> [DESCRIPTION OF THE TASK]:
Using the records below, transcribe word for word the stretch from the line that contains "Above: One of" through the line that contains "Figure 4. Authentic", both end lines included, and nothing else.

AVAILABLE RECORDS Block Start

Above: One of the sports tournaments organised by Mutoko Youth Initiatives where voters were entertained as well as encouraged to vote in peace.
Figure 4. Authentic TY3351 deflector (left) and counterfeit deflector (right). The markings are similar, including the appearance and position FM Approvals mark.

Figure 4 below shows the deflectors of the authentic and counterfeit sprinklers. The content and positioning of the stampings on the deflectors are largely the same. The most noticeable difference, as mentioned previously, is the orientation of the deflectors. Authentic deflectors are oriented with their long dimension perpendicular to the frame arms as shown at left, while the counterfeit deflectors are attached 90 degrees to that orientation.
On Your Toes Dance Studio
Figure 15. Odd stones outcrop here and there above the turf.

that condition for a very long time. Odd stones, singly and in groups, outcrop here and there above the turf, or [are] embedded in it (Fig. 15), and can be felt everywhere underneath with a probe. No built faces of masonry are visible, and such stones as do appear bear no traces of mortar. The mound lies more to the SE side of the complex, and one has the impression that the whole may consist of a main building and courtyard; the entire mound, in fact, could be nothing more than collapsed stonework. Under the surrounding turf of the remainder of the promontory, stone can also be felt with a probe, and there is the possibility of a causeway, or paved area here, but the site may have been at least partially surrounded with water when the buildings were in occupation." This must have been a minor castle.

AVAILABLE RECORDS Block End
AVAILABLE RECORDS Block Start

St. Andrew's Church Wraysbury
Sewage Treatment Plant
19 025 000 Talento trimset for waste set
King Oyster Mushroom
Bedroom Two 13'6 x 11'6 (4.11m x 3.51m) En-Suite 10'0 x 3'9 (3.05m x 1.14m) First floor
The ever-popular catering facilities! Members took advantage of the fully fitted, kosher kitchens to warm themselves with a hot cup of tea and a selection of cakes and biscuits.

AVAILABLE RECORDS Block End

> [RESPONSE BOX]:
Above: One of the sports tournaments organised by Mutoko Youth Initiatives where voters were entertained as well as encouraged to vote in peace.
Figure 4. Authentic TY3351 deflector (left) and counterfeit deflector (right). The markings are similar, including the appearance and position FM Approvals mark.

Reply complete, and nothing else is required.